• _Exercise brief_
Transcribe nothing except the lines below that run from the one with "Carta igienica tenderly" to the one with "Off-Shoulder Solid Long", ends included, and do not copy any picture.

• _Material shown_
<<<<
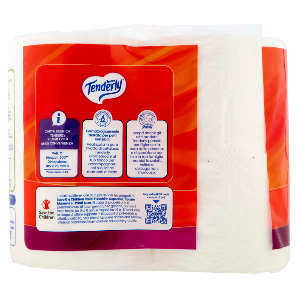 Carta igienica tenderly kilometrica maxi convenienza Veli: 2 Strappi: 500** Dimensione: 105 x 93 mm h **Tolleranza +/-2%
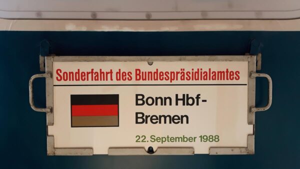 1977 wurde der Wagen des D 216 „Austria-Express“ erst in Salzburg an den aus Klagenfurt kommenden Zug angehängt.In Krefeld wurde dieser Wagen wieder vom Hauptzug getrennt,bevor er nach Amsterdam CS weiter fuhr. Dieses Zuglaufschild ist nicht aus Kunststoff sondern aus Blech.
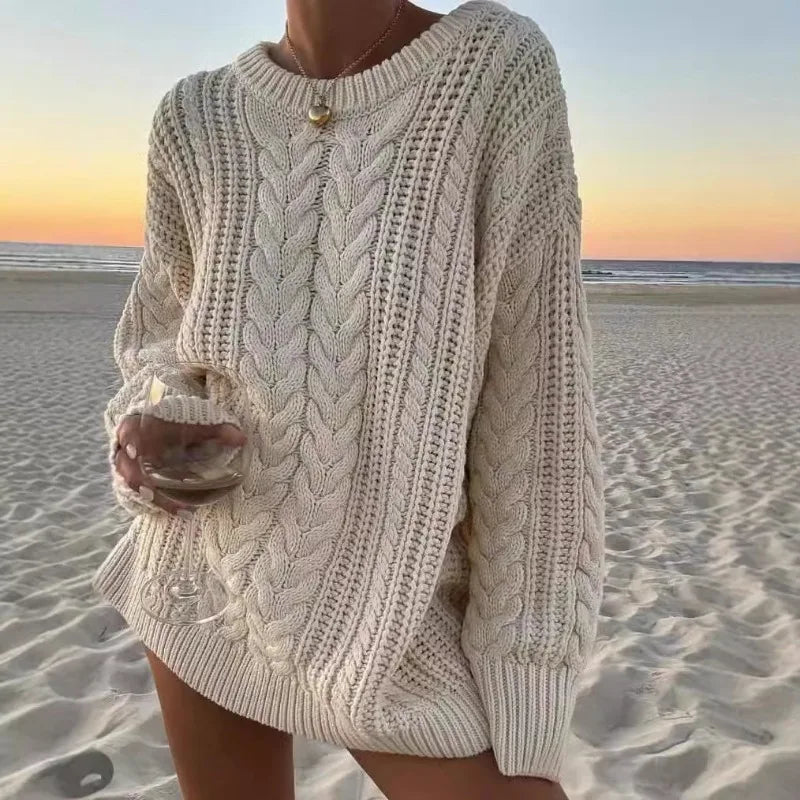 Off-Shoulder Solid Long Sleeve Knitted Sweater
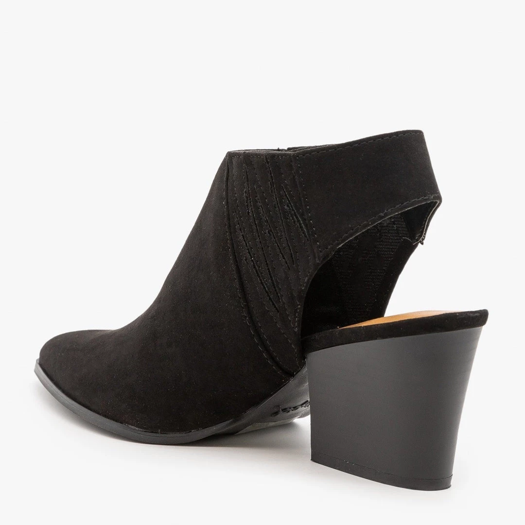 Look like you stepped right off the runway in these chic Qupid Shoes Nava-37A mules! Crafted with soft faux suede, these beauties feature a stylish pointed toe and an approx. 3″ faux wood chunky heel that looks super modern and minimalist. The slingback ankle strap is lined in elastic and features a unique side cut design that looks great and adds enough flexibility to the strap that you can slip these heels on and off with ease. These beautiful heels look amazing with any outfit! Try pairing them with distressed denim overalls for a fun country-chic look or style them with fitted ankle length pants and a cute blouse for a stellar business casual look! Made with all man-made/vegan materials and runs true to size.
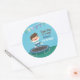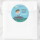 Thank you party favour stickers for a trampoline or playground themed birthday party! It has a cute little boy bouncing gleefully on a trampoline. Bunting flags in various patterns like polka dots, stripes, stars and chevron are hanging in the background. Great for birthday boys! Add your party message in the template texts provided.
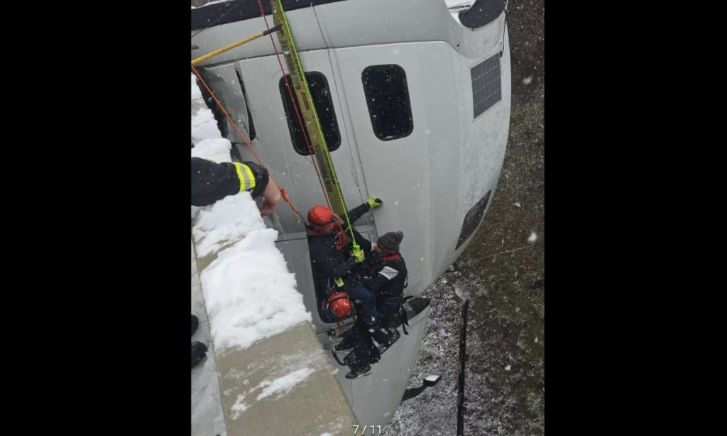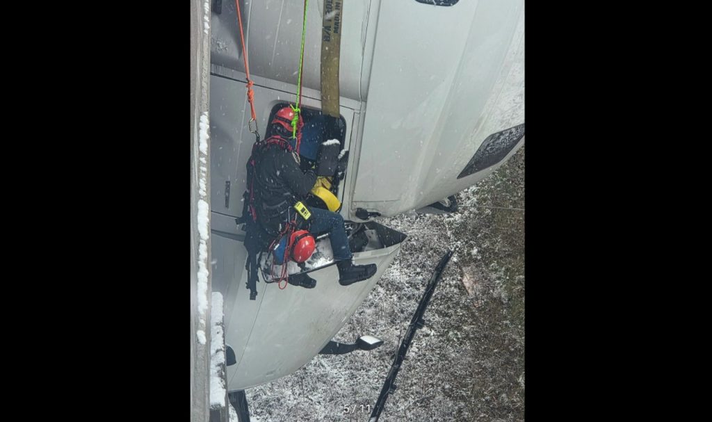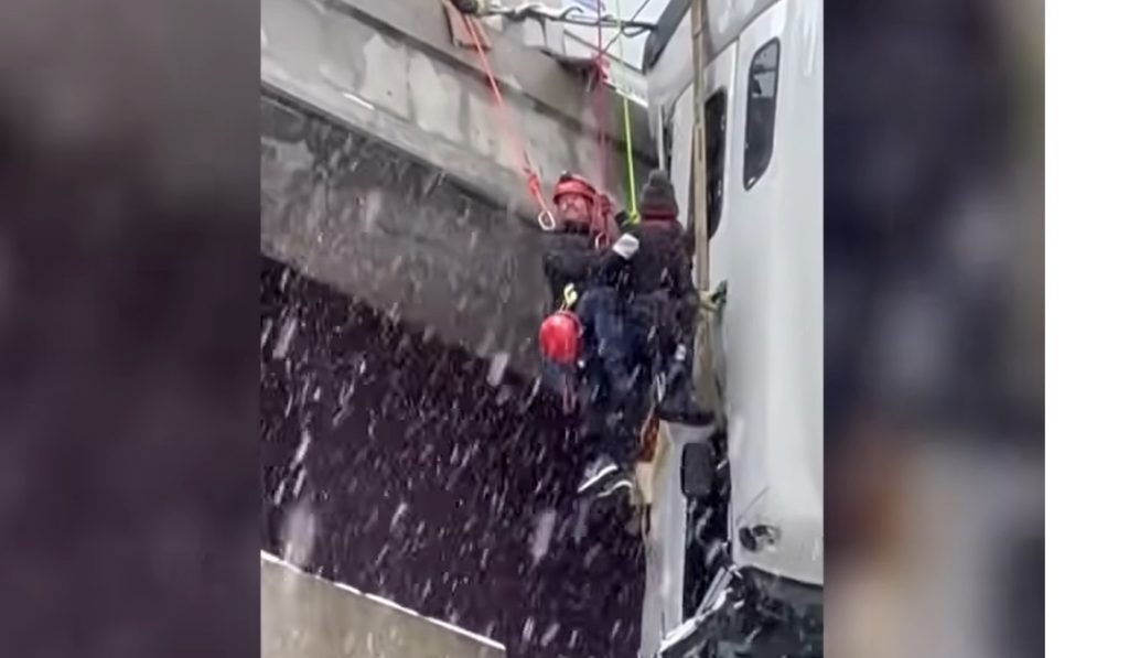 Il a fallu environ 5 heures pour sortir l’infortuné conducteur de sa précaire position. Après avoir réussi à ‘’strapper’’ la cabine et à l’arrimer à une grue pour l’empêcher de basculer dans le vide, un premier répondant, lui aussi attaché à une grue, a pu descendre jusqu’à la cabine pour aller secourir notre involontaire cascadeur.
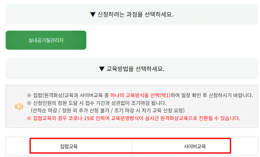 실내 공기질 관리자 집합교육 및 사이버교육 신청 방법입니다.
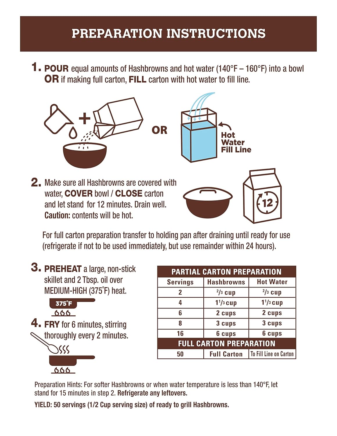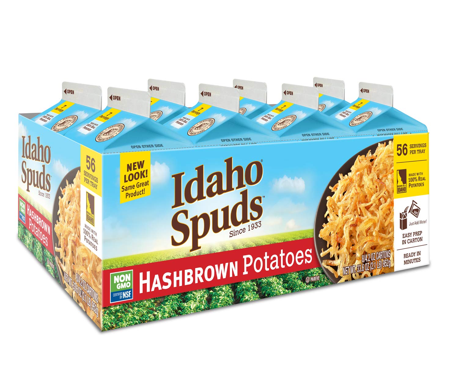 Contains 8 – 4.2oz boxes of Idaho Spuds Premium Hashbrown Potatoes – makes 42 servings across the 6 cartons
>>>>
<<<<
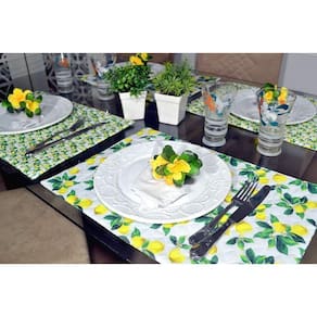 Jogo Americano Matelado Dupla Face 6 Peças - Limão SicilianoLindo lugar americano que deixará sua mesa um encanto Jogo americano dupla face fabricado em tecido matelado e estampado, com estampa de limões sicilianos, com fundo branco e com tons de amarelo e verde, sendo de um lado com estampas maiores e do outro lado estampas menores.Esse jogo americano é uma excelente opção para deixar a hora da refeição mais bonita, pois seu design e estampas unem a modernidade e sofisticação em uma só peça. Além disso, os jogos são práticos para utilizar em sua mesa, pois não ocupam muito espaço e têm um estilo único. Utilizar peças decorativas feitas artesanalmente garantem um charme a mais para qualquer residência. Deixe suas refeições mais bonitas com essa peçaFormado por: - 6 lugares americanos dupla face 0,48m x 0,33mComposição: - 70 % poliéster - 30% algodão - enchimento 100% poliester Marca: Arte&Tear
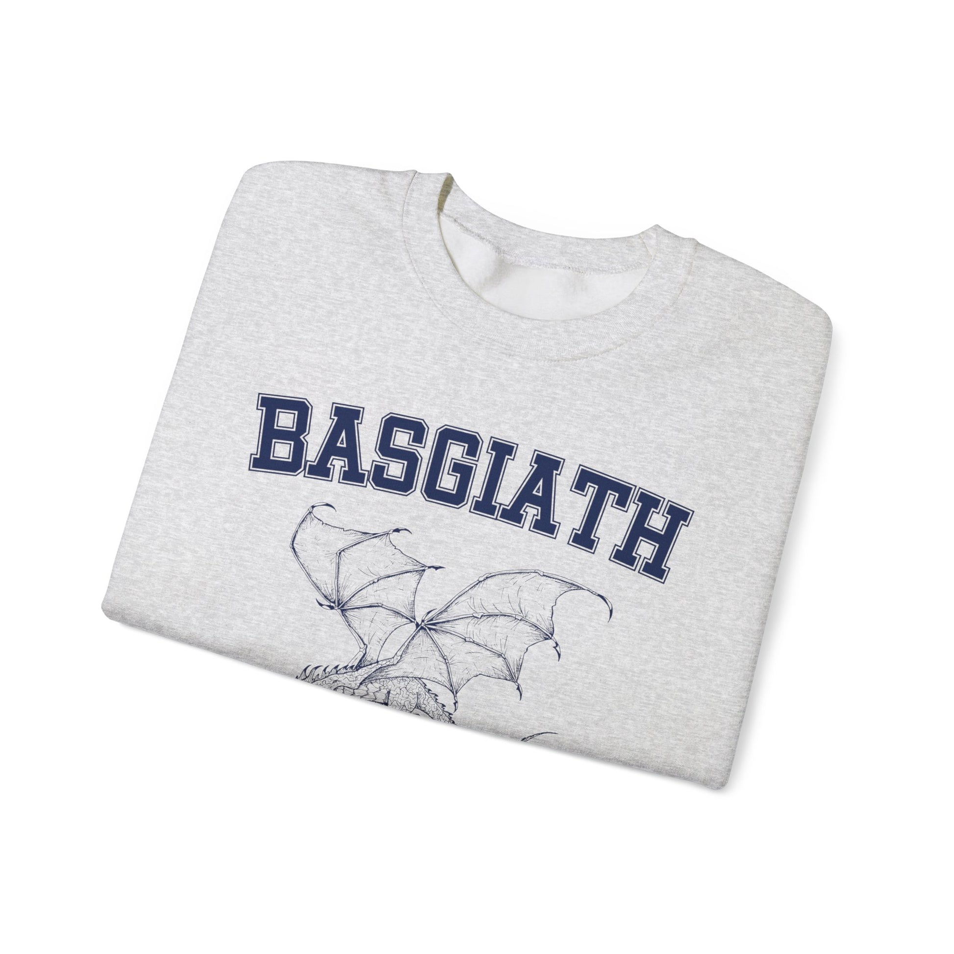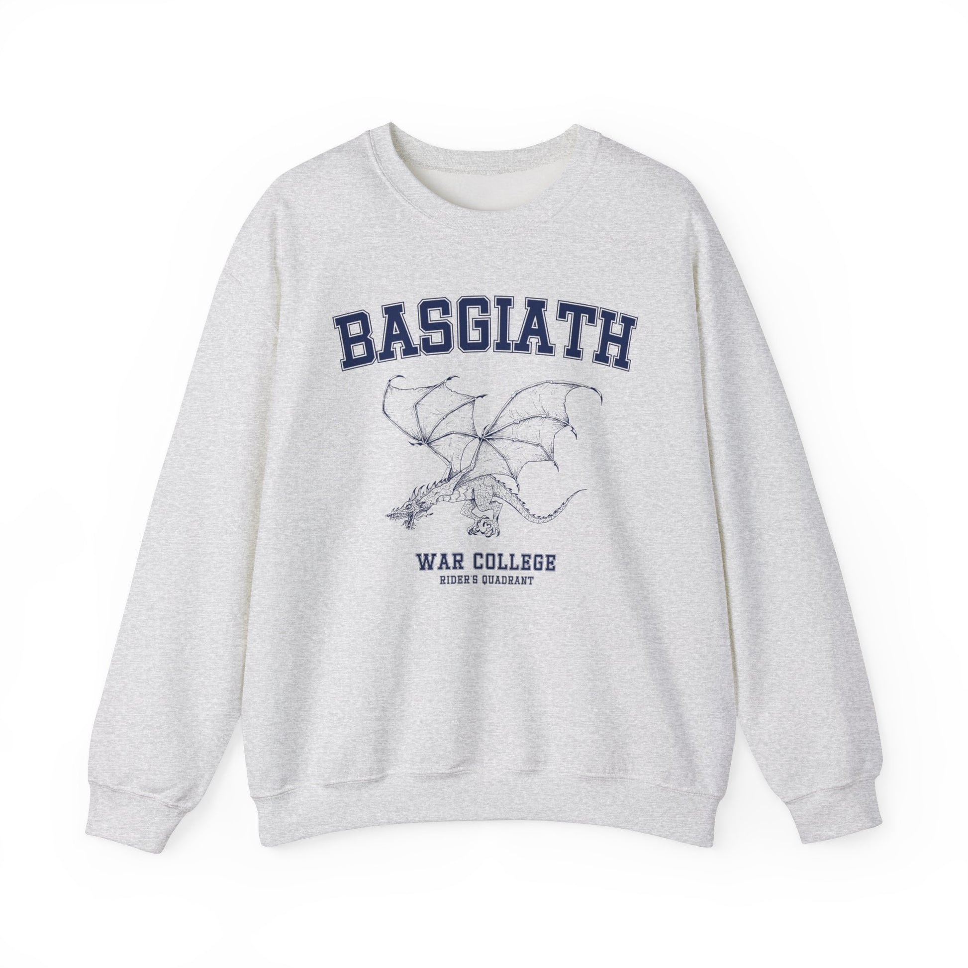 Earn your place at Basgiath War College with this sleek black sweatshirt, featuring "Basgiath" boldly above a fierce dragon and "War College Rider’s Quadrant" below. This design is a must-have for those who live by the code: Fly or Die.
>>>>
<<<<
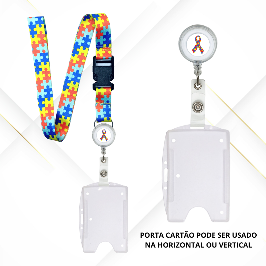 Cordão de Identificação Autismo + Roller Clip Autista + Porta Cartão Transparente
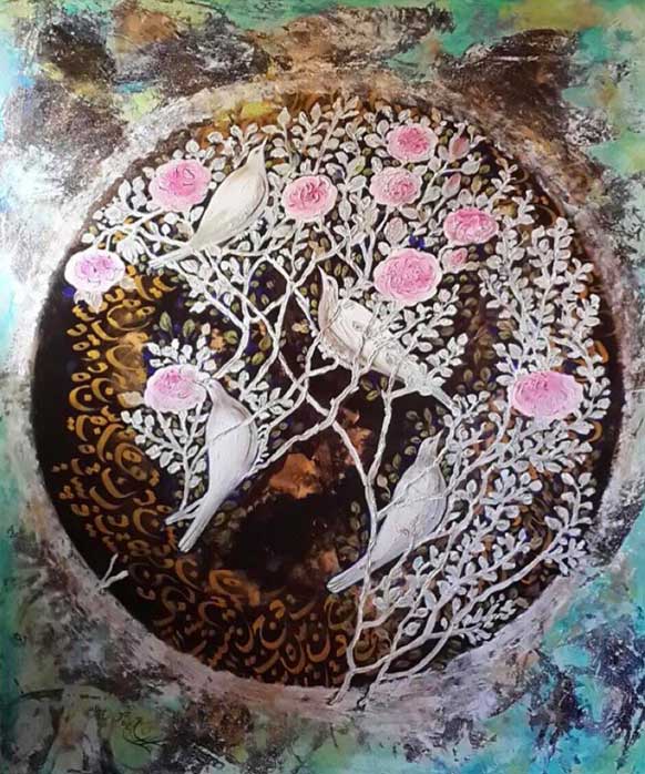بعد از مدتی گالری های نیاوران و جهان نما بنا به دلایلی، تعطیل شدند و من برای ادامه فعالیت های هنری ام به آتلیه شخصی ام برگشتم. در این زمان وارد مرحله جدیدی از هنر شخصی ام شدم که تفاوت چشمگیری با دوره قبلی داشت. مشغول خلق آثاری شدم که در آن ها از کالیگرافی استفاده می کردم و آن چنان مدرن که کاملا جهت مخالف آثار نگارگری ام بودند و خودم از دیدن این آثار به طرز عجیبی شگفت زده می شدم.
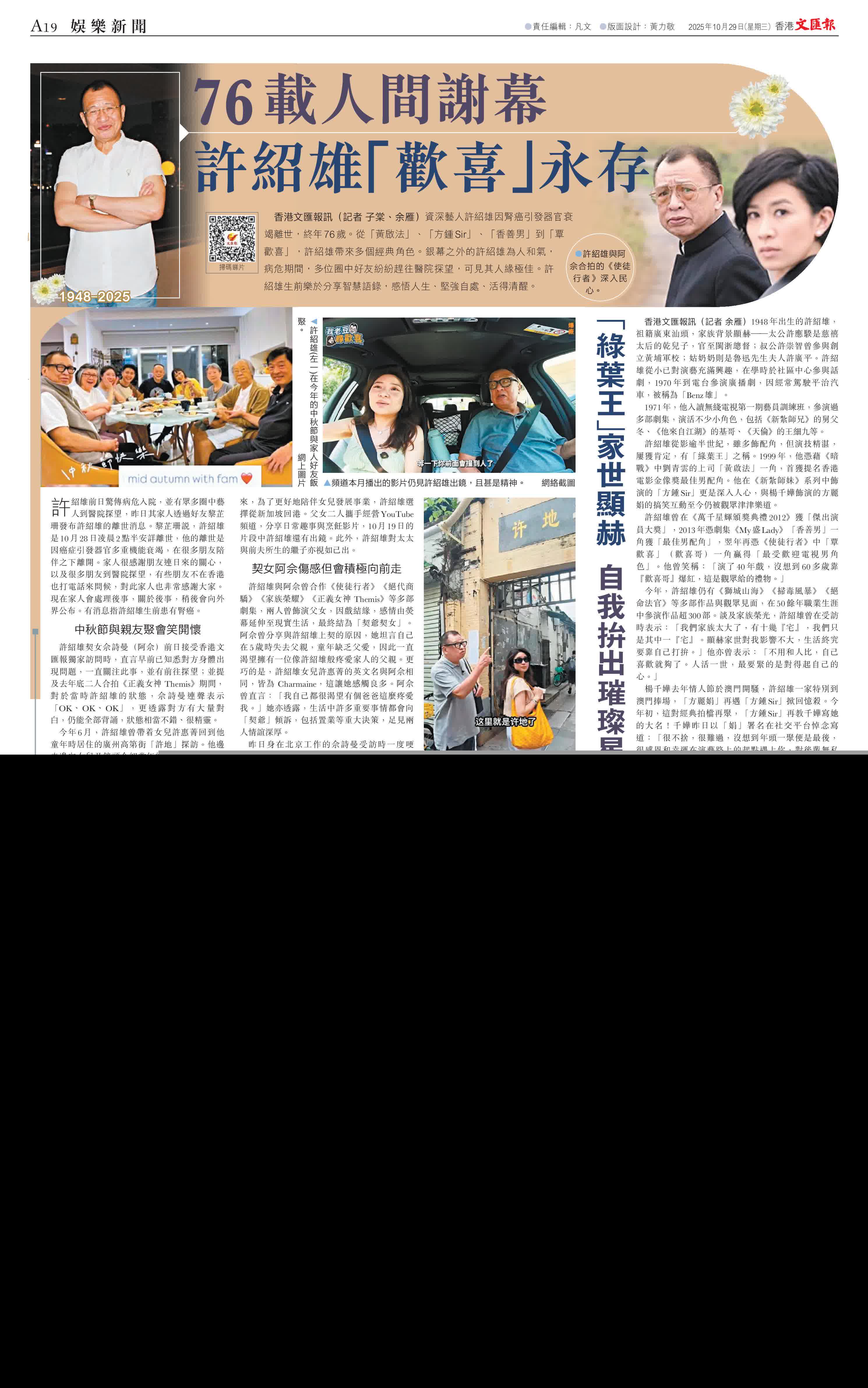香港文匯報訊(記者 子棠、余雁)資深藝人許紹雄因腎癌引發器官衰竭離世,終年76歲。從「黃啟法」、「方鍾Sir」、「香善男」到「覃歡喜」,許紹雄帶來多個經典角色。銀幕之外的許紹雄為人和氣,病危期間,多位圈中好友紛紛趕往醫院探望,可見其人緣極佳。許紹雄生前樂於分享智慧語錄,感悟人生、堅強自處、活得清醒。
>>>>
• _Solution to this task_
 Carta igienica tenderly kilometrica maxi convenienza Veli: 2 Strappi: 500** Dimensione: 105 x 93 mm h **Tolleranza +/-2%
 1977 wurde der Wagen des D 216 „Austria-Express“ erst in Salzburg an den aus Klagenfurt kommenden Zug angehängt.In Krefeld wurde dieser Wagen wieder vom Hauptzug getrennt,bevor er nach Amsterdam CS weiter fuhr. Dieses Zuglaufschild ist nicht aus Kunststoff sondern aus Blech.
 Off-Shoulder Solid Long Sleeve Knitted Sweater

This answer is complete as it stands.